Iterative Nullspace Projection (INLP)
Shauli Ravfogel and Yanai Elazar
Welcome! this blog post describes our ACL paper on controlled removal of information from representations:
Shauli Ravfogel, Yanai Elazar, Hila Gonen, Micheal Twiton and Yoav Goldberg. Null It Out: Guarding Protected Attributes by Iterative Nullspace Projection. ACL2020
Calling neural models to order
Neural models are notoriously opaque. In recent years we witnessed an array of increasingly powerful models – from word representations to contextualized transformers – that capture many aspects of human language, ranging from the structural aspects of syntax, to more high level semantic aspects. But what can we do if we want to make sure that something is not encoded in the representation? This requirement arises in multiple scenarios. For example, we may want to have word embeddings that focus on lexical semantics, but discard the syntactic distinctions that are often encoded in the embeddings (e.g. tense); and to ensure fairness, we may want to have models that do not encode gender-related information, and do no rely on it.
It is tempting to assume that this problem can be solved by a preprocessing step, which eliminates from the training data the distinctions we do not want to encode: in our embedding-tense example, this can be lemmatization. While this solution is applicable in simple cases such as removing tense distinctions, it becomes much less practical when working with pretrained contextualized models, such as BERT, and when trying to eliminate more vague information such as gender distinctions. First, re-training large language models on new datasets is often impractical for standard practitioners. More importantly, it is not clear how to pre-process the training data, in order to remove gender distinctions: we first have to understand which parts of the input are causally responsible for the gender components in the encoding, and how to neutralize them. As we are about to see, societal concepts such as gender and race are deeply rooted in representations trained on neutral-language corpora, and are often represented in implicit and opaque ways. Naively removing gendered pronouns and first names from the training corpus does reduce the problem, but this is far from a complete solution.
What is currently known
Biases do exist
In recent years, a large body of work has shown that neural models capture subtle cues for protected attributes, such as the gender or the race of the person that wrote the text, of the text’s focus. The first works have focused on word embeddings, and they have shown that word embeddings capture and amplify many statistical differences between groups, that are reflected in the training corpora. For example, due to the imbalance between men and women in STEM fields, the representation of STEM fields such as mathematics is closer to male names than to female names. While this reflects an existing statistical tendency, the models can further amplify this trend; moreover, they can encourage the persistence of this imbalance, by causally influencing real-word decisions., for example, a CV-filtering system that is based on word embeddings, might consider the application of a female nuclear physicist an unlikely event.

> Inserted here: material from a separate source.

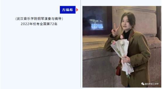 2017年来,我校音乐生联考连续5年通过率均为100%,为诸多高校输送了大量优秀音乐人才。如:刘乐萌同学考入星海音乐学院,林晨阳同学考入中央戏剧学院,王博韬、周茜茹、谢聪颖等考入武汉音乐学院。2022年高考,18名音乐特长生文化课专业课双过线达到100%。其中,王超同学摘取武汉音乐学院通俗声乐演唱与编导专业全国第一名(2000多人参加)桂冠,考入武汉音乐学院。张俊鹏同学荣获武汉音乐学院声乐系校考全国第12名(3000多人参加考试)。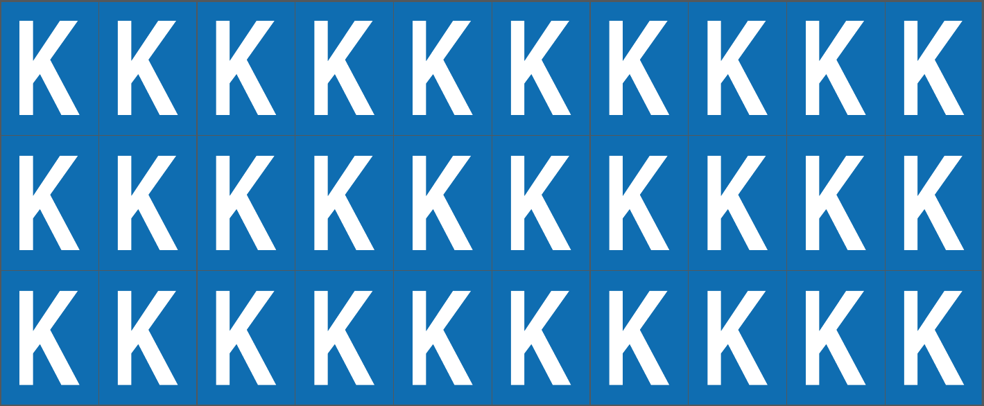 CONF.5 PZ FOGLIO.ADES.PVC.250X100 MM N.30 ETIC.25X33 MM B/B LETTERA K

Removing few predefined directions is not enough
For word embeddings, one primary post-hoc “debiasing” method is the projection-based method of Bolukbasi et al. (2019). They aim to identify a gender direction in the embedding space, and neutralize it. Consider the direction defined as the difference between two inherently-gendered pairs, such as $\overrightarrow{he} - \overrightarrow{she}$. Subtraction of the two parallel but opposite words should leave us with a direction that supposedly captures (one) aspect of gender in the embedding space. We can delete the projection of each word embedding on this direction, and neutralize that aspect of gender. If one defines the gender content of an embedding as this projection, then we are done. However, Gonen and Goldberg (2019) have shown that this is not sufficient: even after we neutralize this direction, word vectors are still clustered very well by gender (see below, right plot).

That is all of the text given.